Mr. Robot, Level 'K'
FINALLY! A chance to relax. No new features on this one... you just have to be careful what you do first. This is another one of those Everything levels. Everything... except trampolines. The Fun Police are on patrol again! I gotta say, I don't care for those 'Everything' bagels too much; the least they can do is give you a pair of gloves or something for handling the sticky bastards. Well, I'm just being downright picky tonight. Also, avocados are fun... slicing avocados, not so much. That also can get quite messy. The one nice thing about it is you can slice your way around the non-ripe parts and just throw those out. Life's too short.
Mr. Robot, Level 'J'
...oops! Looks like I took the screen capture a little bit late.
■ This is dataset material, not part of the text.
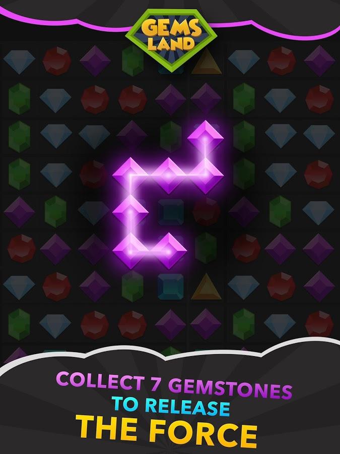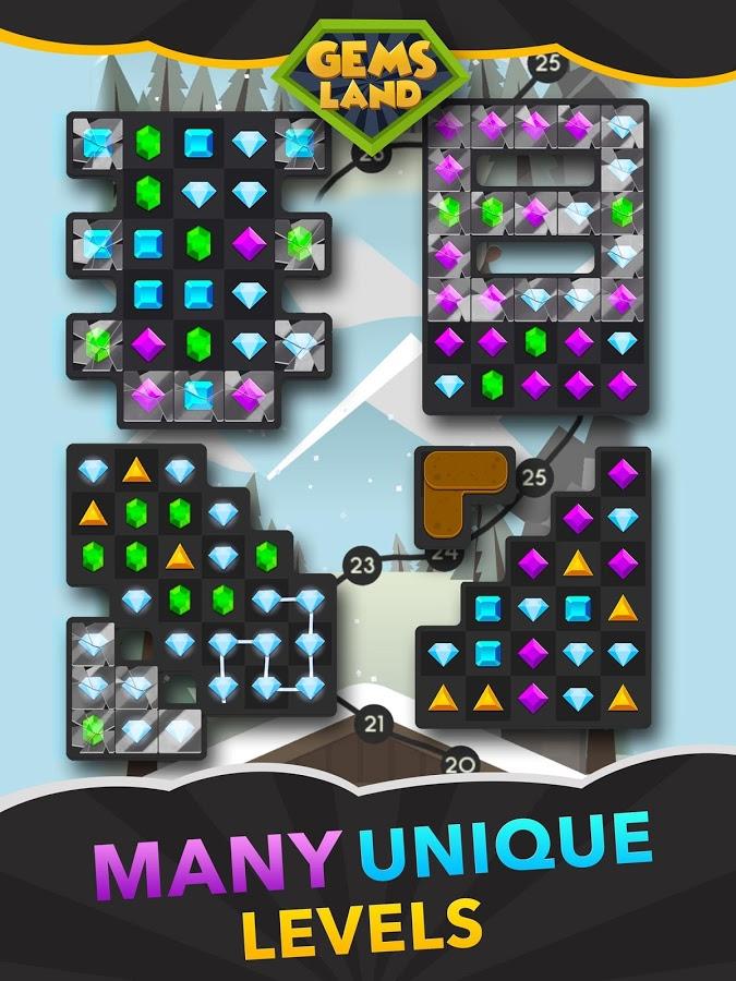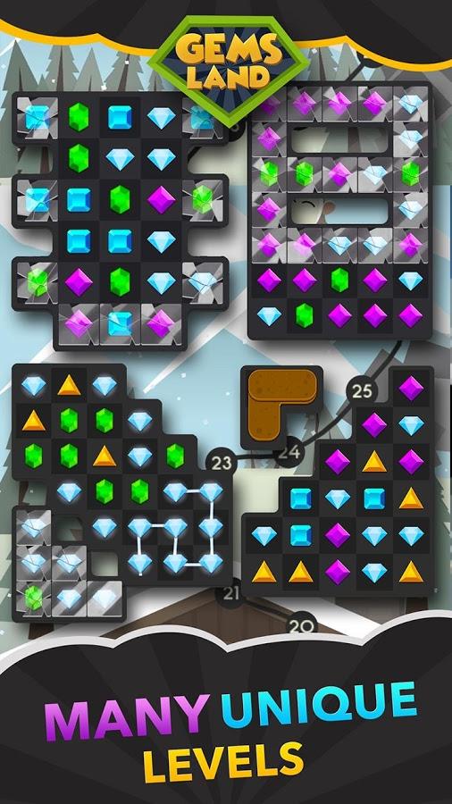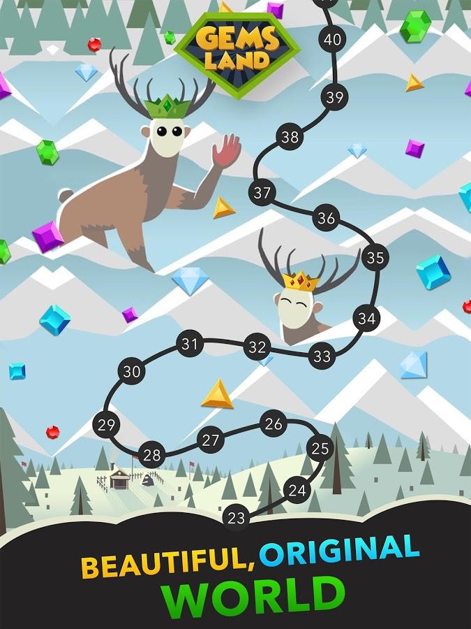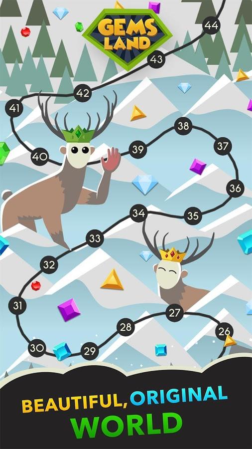 Gems Land-new free match 3 game, connect the dots! – exciting game of the genre three in a row on Android where you will travel through Dreamland, accompanied by the spirit of the Forest. Your task will be to make the maximum chains of crystals, and blow them up. The more you destroy the crystals, the more points you earn and will be able to compete with the best players. Use various boosters and power-UPS that will help you pass the most difficult levels. Use numerous bonuses and get three stars in each level. Complete all 50 levels of this game and travel through snowy forests and icy waters.

Gonna lose some followers on that one! Anyway, whew! I'm pooped. And we still got more new features to get adjusted to! We got all the usual suspects: power pills, extra men, the ubiquitous dots... but what is this? Are those magnets? Yes they are! Now, you will notice that there are actually two magnets: a small one, and a large one. Need I go on? I could... but I won't. Pass on the suffering, that's my motto to the gamers. Sure, there's probably a web site or two out there with explicit instructions... there's probably a YouTube (TM)(C)(R) video or two. Let me check... my work is done here. (sniffs, wipes away tear) ...or is it? After all, look at all the platforms they have "walkthroughs" of! Apple II, Commodore 64... this NES version of Spelunker is what's wrong with video games... if only for me. The avatar's cuter, the game play's way less dangerous. Lode Runner and Sokoban all got the Gameboy (TM)(C)(R) Cute-ification treatment. Now, THIS is what I'm talkin' about! This was before Broderbund (TM)(R)(C) bought it from Tim Martin and Micro GraphicImage. Broderbund did, however, fix it. The one main bug was that if you get two of the more points-laden artifacts in a row, you don't get the full point value. Micro GraphicImage only used one byte as a point counter. Broderbund used two... okay, maybe just nine bits, but STILL! Anyway, this all brings me to my next point: magnets. I hate to sound like a rich record executive... but I did just watch the Clive Davis documentary on Netflix (TM)(C)(R)... okay, I listened to most of it from the next room, but I think I got the gist of it. Anyway, games like Spelunker, Lode Runner, Sokoban, Boulder Dash... no magnets! Robbo? Yes magnets, but deadly! All you can do is block them with the Sokoban-like blocks you push around. Doom, Doom II, Quake? No magnets. Microman? Magnets, but they're bad. Fortunately, you can shoot at them! You need to fire about a thousand bullets or so, but... totally worth it! Okay, I'll give you one insider tip: when you're under the influence of the magnets, and you're climbing a ladder... keep climbing! Because the magnet will pull your ass off. And second... nice job on the multi-tasking! Keep up the good work!!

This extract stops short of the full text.